Şimdi yapılan açıklamalara göre eğitim sistemindeki 300 yıllık geri kalmışlık FATİH projesi ile sona erecekmiş. 300 yıl öncesini bilmem ama 80'lerdeki yapıdan kurtuluyorsak, FATİH projesinin en büyük destekçisi olurum.
Geçtiğimiz haftalarda yapılan açıklama ile Vestel tarafından üretilen LCD tahtaların tanıtımı yapıldı. Vestel'in akıllı tahtaları LCD şeklinde üretecek olması isabetli bir karardır. Standart akıllı tahtalara oranla çok daha işlevsel ve sınıf içi eğitimde farklı içeriklerin ve uygulamaların hayata geçirilmesine imkân tanıyacaktır. Tablet konusu ise halen muammasını sürdürmeye devam ediyor. Şimdilik iki farklı modelde tabletlerin ikinci yarıyıl döneminde pilot bölgelerde dağıtılacağını biliyoruz. Ancak ilerleyen dönemde yeni işletim sistemlerinin ihalelere girip girmeyeceği, 3G bağlantısının olup olmayacağı halen muallak. Bilindiği gibi Microsoft önümüzdeki yıl içerisinde Windows 8 işletim sistemi ile birlikte tablet pazarına güçlü bir şekilde girmeye hazırlanıyor. Muhtemelen bu yeni tabletlerinin de FATİH projesinde kullanılmasını isteyecektir.

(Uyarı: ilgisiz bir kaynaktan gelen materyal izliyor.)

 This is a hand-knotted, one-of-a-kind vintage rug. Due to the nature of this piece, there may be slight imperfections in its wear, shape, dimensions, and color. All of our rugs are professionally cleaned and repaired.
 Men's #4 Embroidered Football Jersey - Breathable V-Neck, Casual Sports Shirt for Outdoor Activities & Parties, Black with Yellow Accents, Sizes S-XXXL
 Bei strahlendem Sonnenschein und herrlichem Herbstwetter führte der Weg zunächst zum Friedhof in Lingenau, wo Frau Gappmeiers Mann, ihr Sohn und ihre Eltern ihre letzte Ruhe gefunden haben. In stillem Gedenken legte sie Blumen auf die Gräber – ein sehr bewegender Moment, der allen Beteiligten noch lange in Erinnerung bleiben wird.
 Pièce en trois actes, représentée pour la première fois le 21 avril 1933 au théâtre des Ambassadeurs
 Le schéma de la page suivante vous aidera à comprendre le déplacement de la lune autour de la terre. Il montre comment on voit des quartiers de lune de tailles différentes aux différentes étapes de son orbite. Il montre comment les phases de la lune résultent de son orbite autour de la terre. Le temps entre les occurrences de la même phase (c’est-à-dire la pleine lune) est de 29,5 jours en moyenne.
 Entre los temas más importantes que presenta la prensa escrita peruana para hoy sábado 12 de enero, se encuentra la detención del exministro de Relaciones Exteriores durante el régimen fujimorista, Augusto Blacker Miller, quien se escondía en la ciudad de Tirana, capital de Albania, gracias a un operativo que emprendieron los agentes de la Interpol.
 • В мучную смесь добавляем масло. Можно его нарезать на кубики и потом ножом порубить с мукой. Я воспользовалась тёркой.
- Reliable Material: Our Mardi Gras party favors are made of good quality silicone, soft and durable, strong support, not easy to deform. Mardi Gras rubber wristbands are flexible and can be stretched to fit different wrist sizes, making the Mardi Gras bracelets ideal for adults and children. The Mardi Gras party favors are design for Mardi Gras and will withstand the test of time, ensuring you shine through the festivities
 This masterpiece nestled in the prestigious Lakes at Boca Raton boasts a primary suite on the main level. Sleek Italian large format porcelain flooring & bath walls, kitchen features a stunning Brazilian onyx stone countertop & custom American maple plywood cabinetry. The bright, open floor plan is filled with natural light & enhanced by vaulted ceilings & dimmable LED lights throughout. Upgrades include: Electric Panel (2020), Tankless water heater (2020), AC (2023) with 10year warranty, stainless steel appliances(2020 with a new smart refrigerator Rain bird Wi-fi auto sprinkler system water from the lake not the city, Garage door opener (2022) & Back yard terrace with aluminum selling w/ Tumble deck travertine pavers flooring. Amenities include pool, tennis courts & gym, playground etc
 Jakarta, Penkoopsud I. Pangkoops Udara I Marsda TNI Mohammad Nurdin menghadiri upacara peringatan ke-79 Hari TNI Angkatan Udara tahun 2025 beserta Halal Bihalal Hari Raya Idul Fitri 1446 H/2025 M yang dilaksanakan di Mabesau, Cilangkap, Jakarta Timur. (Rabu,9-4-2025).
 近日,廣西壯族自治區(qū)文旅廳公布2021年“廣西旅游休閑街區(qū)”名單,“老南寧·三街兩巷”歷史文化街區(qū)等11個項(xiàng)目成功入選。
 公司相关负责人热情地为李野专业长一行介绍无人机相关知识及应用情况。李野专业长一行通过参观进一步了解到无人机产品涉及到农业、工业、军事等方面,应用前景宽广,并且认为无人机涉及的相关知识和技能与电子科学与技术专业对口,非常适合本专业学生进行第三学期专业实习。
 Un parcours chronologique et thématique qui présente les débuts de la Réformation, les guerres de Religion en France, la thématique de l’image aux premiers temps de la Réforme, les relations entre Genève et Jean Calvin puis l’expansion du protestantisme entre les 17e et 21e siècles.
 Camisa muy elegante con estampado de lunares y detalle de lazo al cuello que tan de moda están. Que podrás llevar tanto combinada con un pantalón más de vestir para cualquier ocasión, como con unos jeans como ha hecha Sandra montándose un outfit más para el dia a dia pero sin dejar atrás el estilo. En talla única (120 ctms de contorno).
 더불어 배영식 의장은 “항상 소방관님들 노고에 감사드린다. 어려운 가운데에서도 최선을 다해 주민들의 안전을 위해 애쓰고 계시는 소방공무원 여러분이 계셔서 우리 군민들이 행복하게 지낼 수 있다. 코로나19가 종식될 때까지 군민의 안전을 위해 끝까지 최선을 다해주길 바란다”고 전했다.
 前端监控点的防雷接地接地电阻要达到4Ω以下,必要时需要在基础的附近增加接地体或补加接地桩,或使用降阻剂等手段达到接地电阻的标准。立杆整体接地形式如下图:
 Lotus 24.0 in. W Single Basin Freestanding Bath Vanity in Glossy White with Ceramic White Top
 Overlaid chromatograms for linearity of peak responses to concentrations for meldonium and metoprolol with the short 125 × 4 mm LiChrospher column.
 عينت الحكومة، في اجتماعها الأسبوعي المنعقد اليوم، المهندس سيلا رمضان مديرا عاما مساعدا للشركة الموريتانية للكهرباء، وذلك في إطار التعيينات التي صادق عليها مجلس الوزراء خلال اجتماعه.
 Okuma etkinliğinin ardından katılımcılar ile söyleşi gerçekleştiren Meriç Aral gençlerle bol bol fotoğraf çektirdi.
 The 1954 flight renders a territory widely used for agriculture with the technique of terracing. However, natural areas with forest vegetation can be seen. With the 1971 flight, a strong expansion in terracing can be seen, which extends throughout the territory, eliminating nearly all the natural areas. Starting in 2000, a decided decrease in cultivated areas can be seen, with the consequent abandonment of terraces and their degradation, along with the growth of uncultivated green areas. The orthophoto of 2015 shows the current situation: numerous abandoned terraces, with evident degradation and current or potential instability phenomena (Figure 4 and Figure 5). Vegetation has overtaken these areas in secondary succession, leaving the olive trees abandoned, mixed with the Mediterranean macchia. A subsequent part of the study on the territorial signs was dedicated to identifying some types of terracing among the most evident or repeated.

Tabletlerin internet erişimi konusunda ise henüz tam olarak bir netlik yok. Tabletlerin Wi-Fi bağlantısı ile internete bağlanacağı ve yalnızca okullarda çalışacağı söyleniyordu. Böylece aynı zamanda cihazların ikinci el olarak satışının engelleneceği düşünülüyordu. Ancak bu durumda yalnızca okullarda kullanılabilecek olan cihazlar evde hiç çalışmayacak. Bağlantı türü olarak yalnızca Wi-Fi tercih edilmesinin bir diğer sebebi de uzmanların 3G bağlantısının çocuklara zararlı olduğunu açıklaması. İyi ama BTK'nın bizzat kendisi baz istasyonlarının sağlık üzerinde hiçbir zararı olmadığını iddia ediyor. Eğer 3G sinyalleri insan sağlığı üzerinde herhangi bir zarar yoksa, 3G'li tabletler kullanmayarak, konum tespiti, anında haberleşme, push mesajlaşma, uzaktan erişim ile yönetim gibi alternatif uygulamaların eğitim sektöründe kullanılabilmesinin önünü tıkamış oluyoruz.
Her ne olursa olsun, FATİH projesi eğitimde dünyasında yepyeni bir başlangıç demek. Umarım eğitim içeriği de başarılı bir şekilde hazırlanır ve bu konuda tüm oyunculara fırsat eşitliği sağlanır. Tüm kötü anılara rağmen, elektronik cihazların bu kadar yaygınlaşması ile birlikte silgi kokulu, kalemtıraş uğraşıları ile dolu öğrencilik günlerimizi özleyeceğimiz endişesi sarıyor beni.